The Federal Parliamentary Press Gallery Committee has formally protested Crikey’s lock-out from the Budget lock-up this afternoon.

The Gallery Committee unanimously endorsed a letter that was hand delivered to Treasurer Peter Costello’s office by Gallery President Karen Middleton yesterday. The letter reads:

We are unaware of any reasonable grounds upon which your decision is based.

Crikey representative Christian Kerr applied for Press Gallery membership several years ago and, after due consideration, was approved.

In assessing his application, the Press Gallery Committee followed the usual procedures and found he met the criteria for membership. He was issued a pass…

I understand that your Government’s explanation is that the Budget contains sensitive information and that lock-up access is limited.

The sensitivity of the information is managed by the very existence of the lock-up.
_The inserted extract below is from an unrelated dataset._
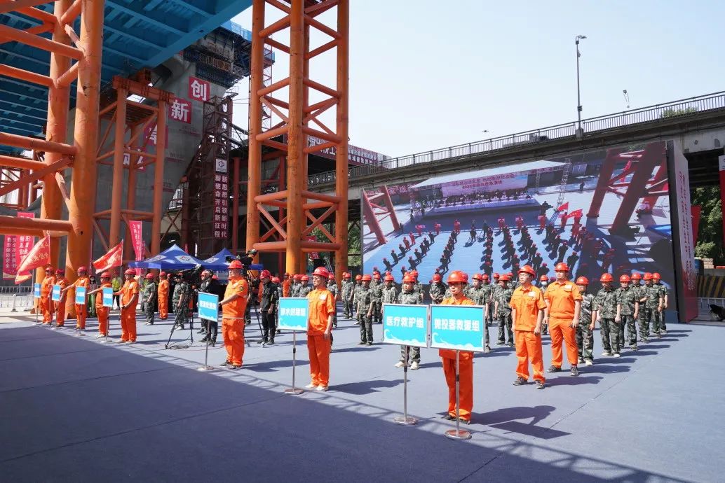 為全面貫徹落實(shí)黨的二十大精神和習(xí)近平總書記關(guān)于安全生產(chǎn)的重要指示要求,認(rèn)真落實(shí)省、市安全生產(chǎn)工作視頻會(huì)議精神,進(jìn)一步完善防汛應(yīng)急預(yù)案,提高防汛搶險(xiǎn)應(yīng)急處置能力,5月12日,建設(shè)集團(tuán)在濟(jì)南黃河公路大橋擴(kuò)建工程現(xiàn)場(chǎng)開展“凝心聚力謀發(fā)展 統(tǒng)籌兼顧保安全” 2023年度防汛應(yīng)急演練。山東省應(yīng)急廳防汛抗旱處副處長(zhǎng)王震,市應(yīng)急局防汛抗旱處副處長(zhǎng)楊志斌,市國(guó)資委信訪處副處長(zhǎng)、二級(jí)調(diào)研員周琳琳,濟(jì)南黃河河務(wù)局水政處處長(zhǎng)尹訓(xùn)海,天橋黃河河務(wù)局防辦主任張遠(yuǎn)博,建設(shè)集團(tuán)總經(jīng)理助理、安全總監(jiān)解漢忠出席活動(dòng),集團(tuán)各部室及子公司主要負(fù)責(zé)人參加活動(dòng)。

Were they to be admitted, Crikey’s representatives would be subject to exactly the same restrictions and embargo as everyone else.

Given that you admit hundreds of people to the lock-up every year, including dozens per single newspaper, it is unclear why there would not be room for two people from an organisation which advertises a daily readership of 45,000 people and claims the status of Australia’s largest online subscriber publication.

I further understand that the only other reason given for rejecting Crikey’s applicants is that the decision ‘is in accordance with the criteria set down by the Treasurer’.

I would be grateful if your office would provide the Press Gallery Committee with a written copy of these criteria so Gallery members may be aware of the basis upon which their applications are judged.

In the absence of any further explanation of your decision, it is difficult to avoid the conclusion that you have excluded Crikey simply because you don’t like what it publishes.

If this is the case, this is of considerable concern.

Press Gallery members regularly publish and broadcast news and commentary which make them unpopular, including sometimes with their own colleagues.

But this is not the basis upon which their membership is assessed and nor should it be the basis upon which their access to government information – available to everybody else – is determined.